**TASK PROMPT:** Could you copy exactly the lines below, beginning at the line with "حصن الدير عبارة" and stopping after the line with "Home Features and", with no pictures?

**SUPPLIED DATA:**
------------------------------------

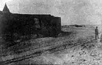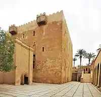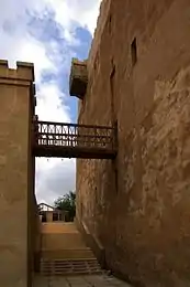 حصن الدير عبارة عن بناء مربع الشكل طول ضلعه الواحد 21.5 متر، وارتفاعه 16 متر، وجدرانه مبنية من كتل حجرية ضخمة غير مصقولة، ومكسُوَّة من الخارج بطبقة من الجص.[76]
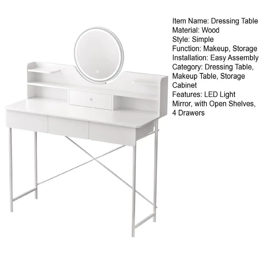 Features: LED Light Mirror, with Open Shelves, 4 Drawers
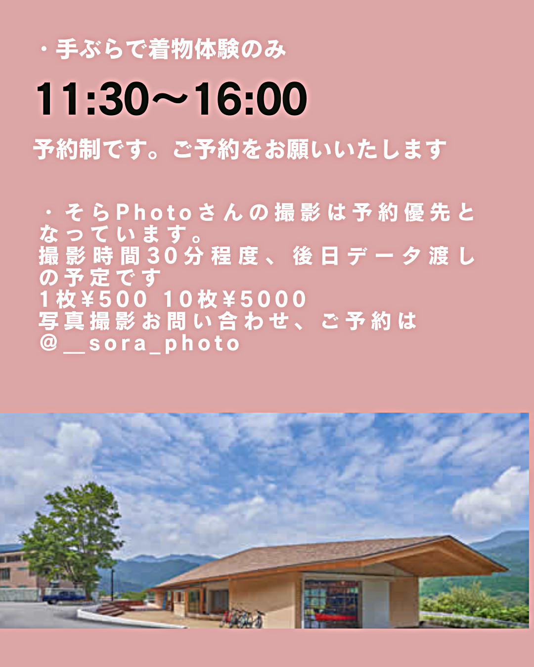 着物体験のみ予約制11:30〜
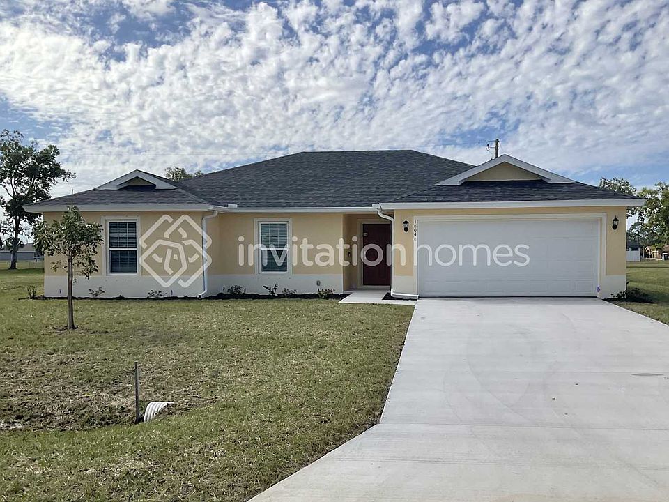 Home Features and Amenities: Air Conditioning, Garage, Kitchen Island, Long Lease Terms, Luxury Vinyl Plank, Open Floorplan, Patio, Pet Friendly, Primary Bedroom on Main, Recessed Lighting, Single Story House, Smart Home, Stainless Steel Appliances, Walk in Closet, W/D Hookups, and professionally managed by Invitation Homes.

------------------------------------

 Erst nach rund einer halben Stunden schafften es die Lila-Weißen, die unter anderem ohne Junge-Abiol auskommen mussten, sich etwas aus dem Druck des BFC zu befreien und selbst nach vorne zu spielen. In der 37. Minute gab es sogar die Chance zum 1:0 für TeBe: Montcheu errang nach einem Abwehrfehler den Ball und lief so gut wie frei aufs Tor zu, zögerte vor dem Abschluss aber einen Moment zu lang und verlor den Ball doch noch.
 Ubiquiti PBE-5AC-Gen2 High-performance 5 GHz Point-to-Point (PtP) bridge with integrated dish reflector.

------------------------------------

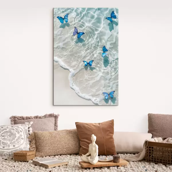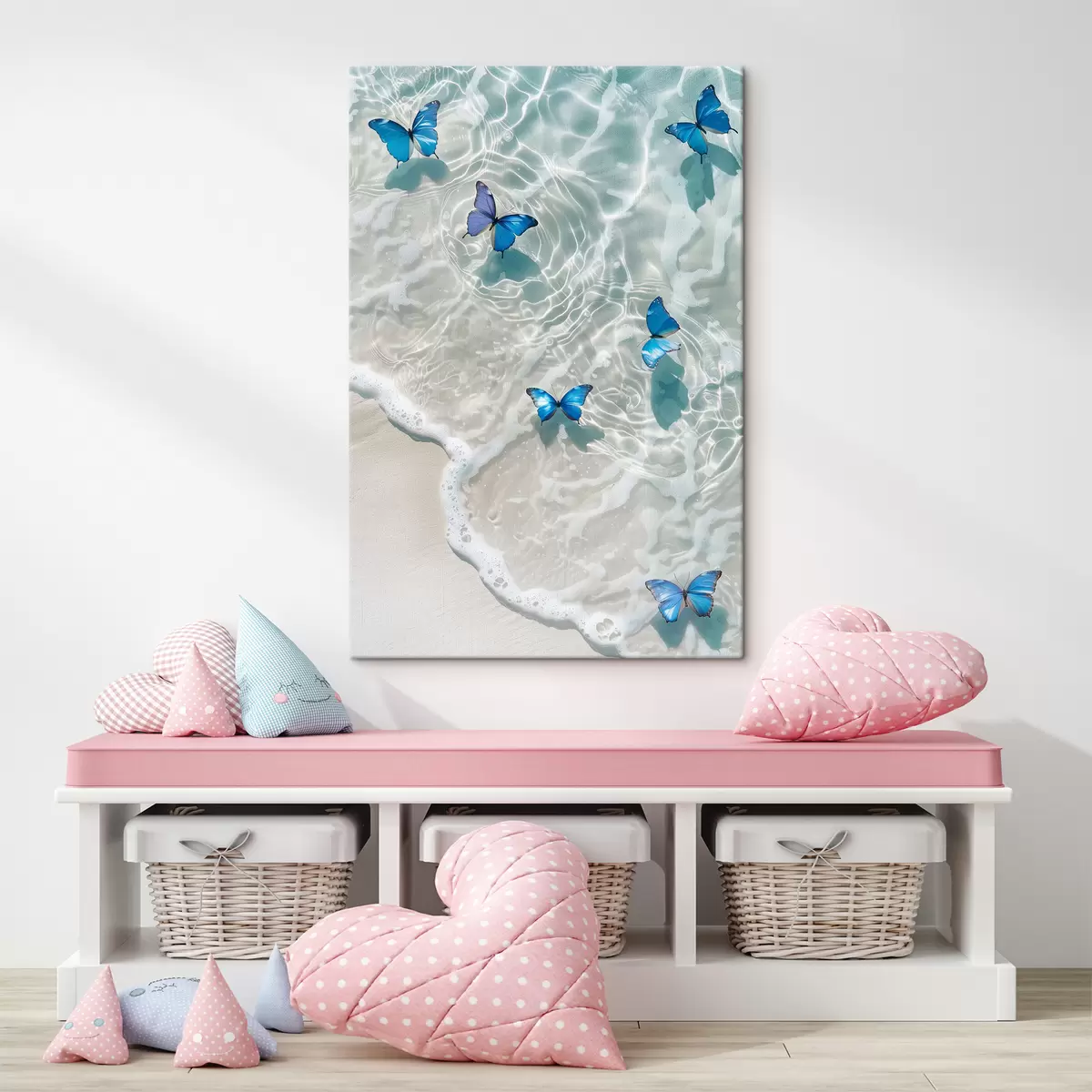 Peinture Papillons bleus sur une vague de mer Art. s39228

------------------------------------

**ANSWER SPACE:**
 حصن الدير عبارة عن بناء مربع الشكل طول ضلعه الواحد 21.5 متر، وارتفاعه 16 متر، وجدرانه مبنية من كتل حجرية ضخمة غير مصقولة، ومكسُوَّة من الخارج بطبقة من الجص.[76]
 Features: LED Light Mirror, with Open Shelves, 4 Drawers
 着物体験のみ予約制11:30〜
 Home Features and Amenities: Air Conditioning, Garage, Kitchen Island, Long Lease Terms, Luxury Vinyl Plank, Open Floorplan, Patio, Pet Friendly, Primary Bedroom on Main, Recessed Lighting, Single Story House, Smart Home, Stainless Steel Appliances, Walk in Closet, W/D Hookups, and professionally managed by Invitation Homes.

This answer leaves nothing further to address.